Task to carry out: Pictures aside, return all of the records exactly as they stand.

Top of Data supplied

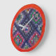 Granny square patterned afghan in multiple colours. Framed with a red ring that looks 3D. White numerals .
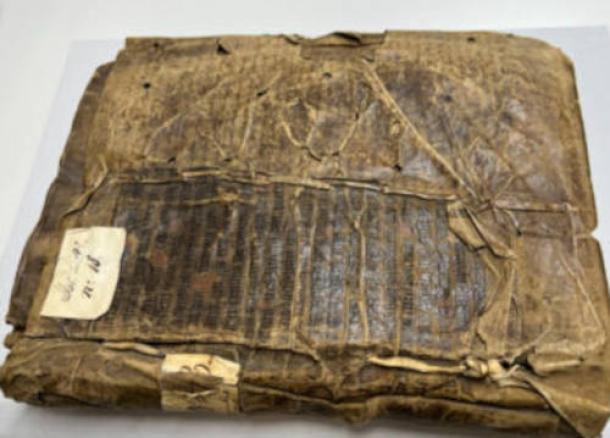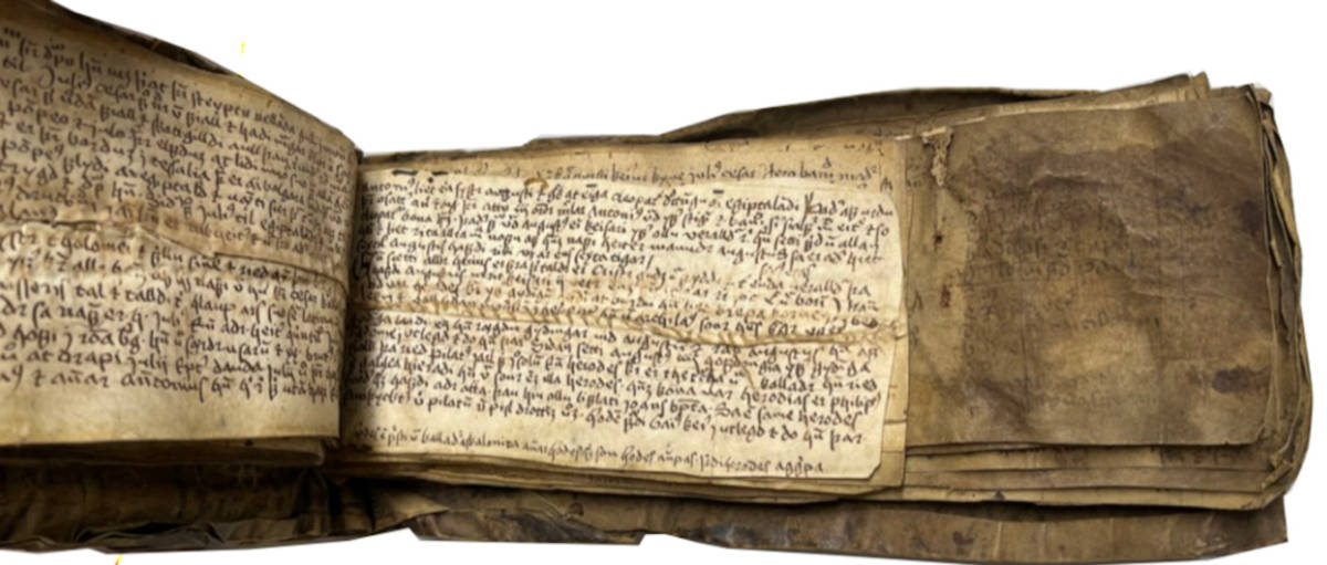 Medieval bishop’s mitre that was made in Iceland with recycled parchment with old Latin script still legible. (Tom Lorenz/Norwegian University of Science and Technology).
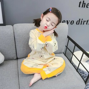 儿童连体睡衣秋季新款女孩纯棉睡袋宝宝防踢哈衣春秋款...
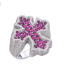 Sterling Silver Round Moissanite With Red CZ Mens Cross Religious SZ 10 Ring RP 2-5/8 Cttw$375Fort Lauderdale, FL
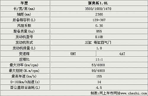 今年下半年將在長安鈴木投產的新奧拓,長寬高分別達到3500/1600/1470毫米,軸距也達到了2360毫米,與長安奔奔等車型同一級別。作為一款微型轎車,新奧拓的風阻系數達到了0.3,再加上855kg的整備質量,對整車的動力性能有很大幫助。
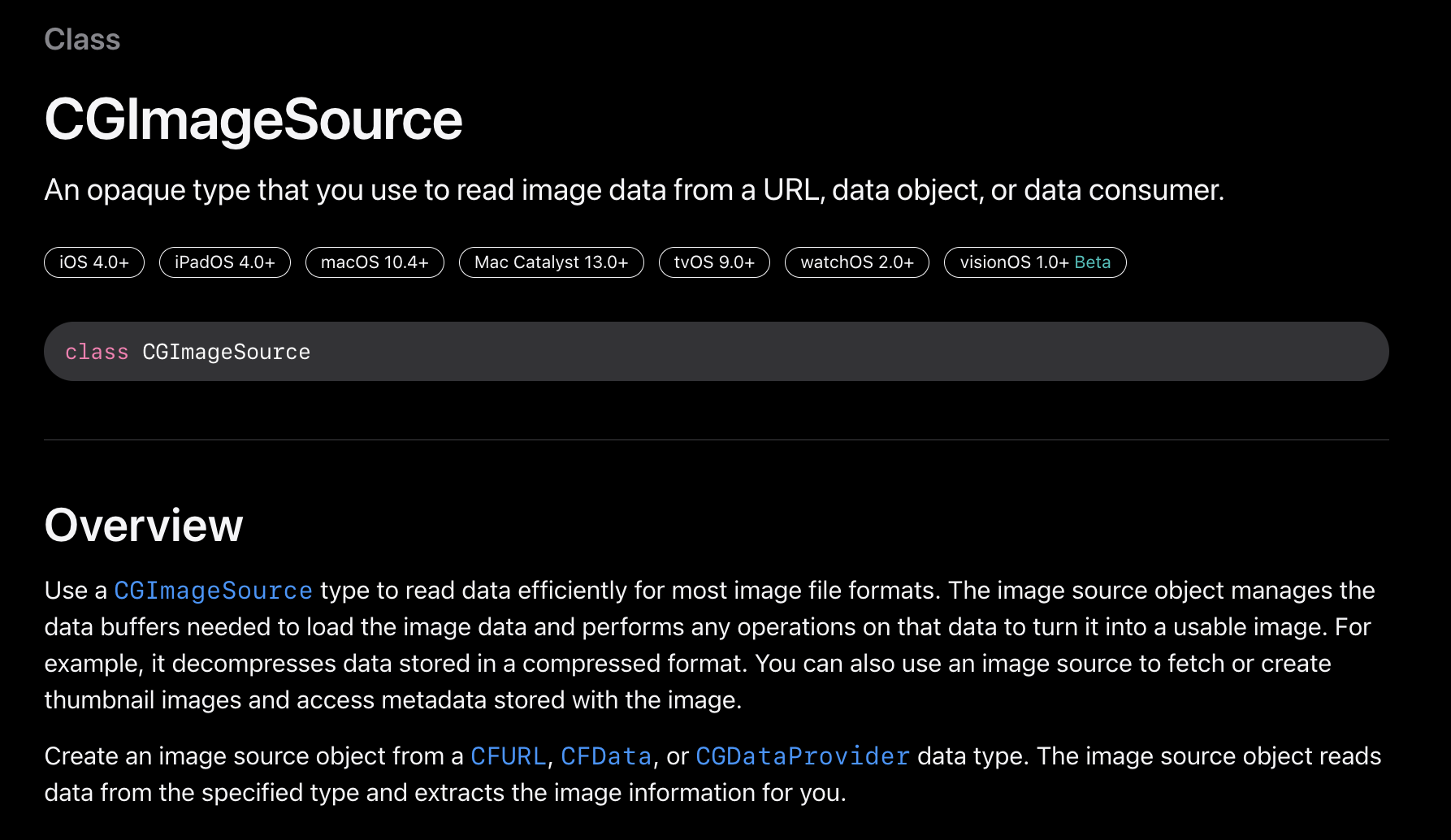 - CGImageSource 클래스는 이미지 파일이나 데이터 소스에서 이미지를 생성하는 데 사용
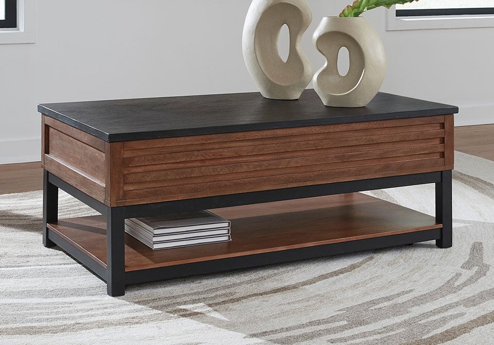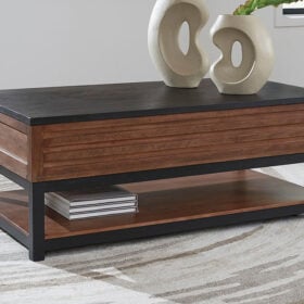 Double down on casual chic with the two-tone look of this lift-top coffee table. Its warm brown and matte black finishes reflect your eye for modern design. The trend-right slatted styling brings added charm. And with a handy lift top, working from home or catching up on a show with dinner is a breeze.
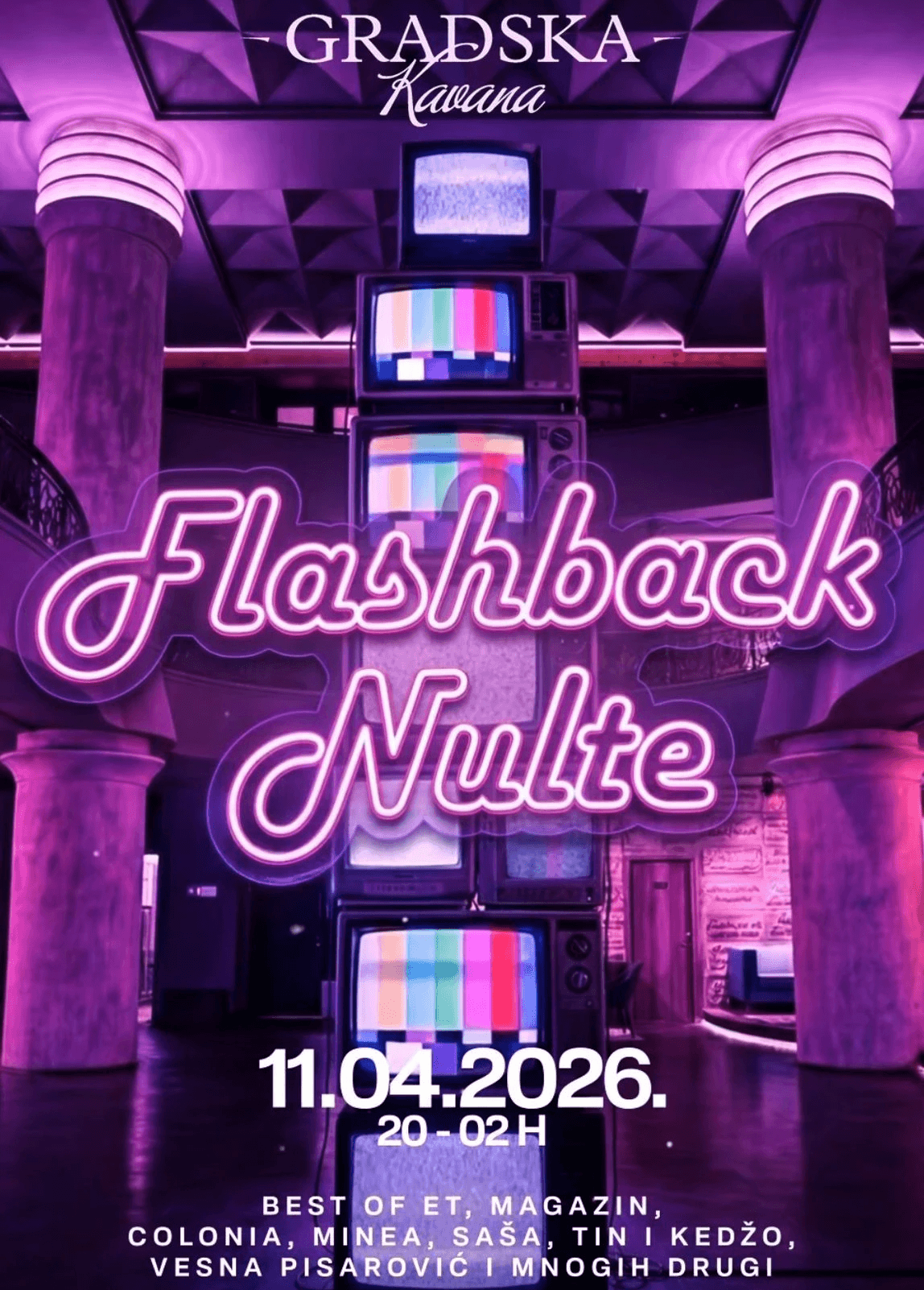Vremeplov is a Croatian party concept centered on nostalgic throwback hits from the 90s, 2000s, and early 2010s, known for its high-energy atmosphere, themed visuals, and DJ sets in venues across Zagreb and coastal cities, attracting audiences eager to relive iconic party eras.
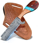 Gear up for the season with our Custom Handmade Bull Cutters with Damascus Steel Blade, a must-have for ranch hands, leatherworkers, and collectors alike. This fall and winter, take on every task with confidence thanks to a 4-inch razor-sharp Damascus steel blade that ensures precision, durability, and edge retention built to last.
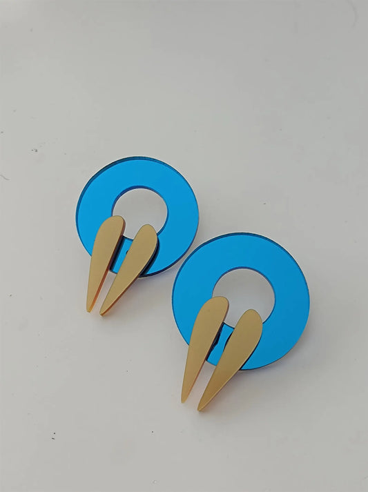 Blue Mirror Acrylic Statement Earrings
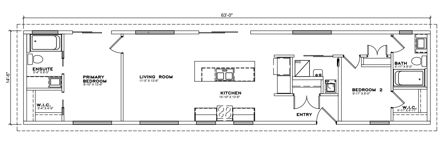 Area: 913 sq/ft - Bedroom: 2 - Bathroom: 2
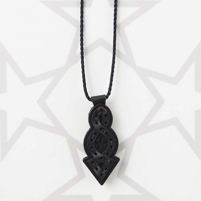 新デザインのネックレスです。幾何学模様やフォークロア柄をイメージさせる独特なモチーフをアイコンにし、編み込みのような革の重なりが目を惹くデザインです。表裏それぞれ異なったカラーリングなので、リバーシブルでお楽しみ頂けます。紐部分のレザービーズで紐をお好みの長さに調整出来る仕様となっております。
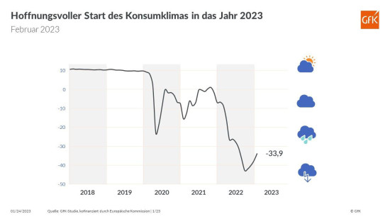 Die Verbraucherstimmung in Deutschland startet mit etwas mehr Optimismus in das Jahr 2023, so die GfK. Das Konsumklima verbessert sich zum vierten Mal in Folge. Für den erfreulichen Start sind laut den Konsumforschern in erster Linie weniger stark steigende Preise für Energie verantwortlich.
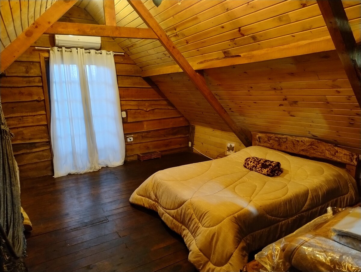 Ce charmant chalet des années 50 est situé sur un grand terrain très boisé, ce qui le rend spécial et avec beaucoup d'intimité. Étant tout en bois, il a un parfum caractéristique. Cela le rend plus confortable et différent pour les personnes qui ne sont pas habituées à utiliser du bois de chauffage brûlé à l'intérieur! Caractéristique frappante dans une cabane au milieu de la forêt qui remonte à l'époque où seul le bois de chauffage était utilisé, pour cuisiner et chauffer la maison et c'est l'une des choses que j'aime le plus dans ce refuge dans la nature !

Bottom of Data supplied

Answer section:
 Granny square patterned afghan in multiple colours. Framed with a red ring that looks 3D. White numerals .
 Medieval bishop’s mitre that was made in Iceland with recycled parchment with old Latin script still legible. (Tom Lorenz/Norwegian University of Science and Technology).
 儿童连体睡衣秋季新款女孩纯棉睡袋宝宝防踢哈衣春秋款...
 Sterling Silver Round Moissanite With Red CZ Mens Cross Religious SZ 10 Ring RP 2-5/8 Cttw$375Fort Lauderdale, FL
 今年下半年將在長安鈴木投產的新奧拓,長寬高分別達到3500/1600/1470毫米,軸距也達到了2360毫米,與長安奔奔等車型同一級別。作為一款微型轎車,新奧拓的風阻系數達到了0.3,再加上855kg的整備質量,對整車的動力性能有很大幫助。
 - CGImageSource 클래스는 이미지 파일이나 데이터 소스에서 이미지를 생성하는 데 사용
 Double down on casual chic with the two-tone look of this lift-top coffee table. Its warm brown and matte black finishes reflect your eye for modern design. The trend-right slatted styling brings added charm. And with a handy lift top, working from home or catching up on a show with dinner is a breeze.
Vremeplov is a Croatian party concept centered on nostalgic throwback hits from the 90s, 2000s, and early 2010s, known for its high-energy atmosphere, themed visuals, and DJ sets in venues across Zagreb and coastal cities, attracting audiences eager to relive iconic party eras.
 Gear up for the season with our Custom Handmade Bull Cutters with Damascus Steel Blade, a must-have for ranch hands, leatherworkers, and collectors alike. This fall and winter, take on every task with confidence thanks to a 4-inch razor-sharp Damascus steel blade that ensures precision, durability, and edge retention built to last.
 Blue Mirror Acrylic Statement Earrings
 Area: 913 sq/ft - Bedroom: 2 - Bathroom: 2
 新デザインのネックレスです。幾何学模様やフォークロア柄をイメージさせる独特なモチーフをアイコンにし、編み込みのような革の重なりが目を惹くデザインです。表裏それぞれ異なったカラーリングなので、リバーシブルでお楽しみ頂けます。紐部分のレザービーズで紐をお好みの長さに調整出来る仕様となっております。
 Die Verbraucherstimmung in Deutschland startet mit etwas mehr Optimismus in das Jahr 2023, so die GfK. Das Konsumklima verbessert sich zum vierten Mal in Folge. Für den erfreulichen Start sind laut den Konsumforschern in erster Linie weniger stark steigende Preise für Energie verantwortlich.
 Ce charmant chalet des années 50 est situé sur un grand terrain très boisé, ce qui le rend spécial et avec beaucoup d'intimité. Étant tout en bois, il a un parfum caractéristique. Cela le rend plus confortable et différent pour les personnes qui ne sont pas habituées à utiliser du bois de chauffage brûlé à l'intérieur! Caractéristique frappante dans une cabane au milieu de la forêt qui remonte à l'époque où seul le bois de chauffage était utilisé, pour cuisiner et chauffer la maison et c'est l'une des choses que j'aime le plus dans ce refuge dans la nature !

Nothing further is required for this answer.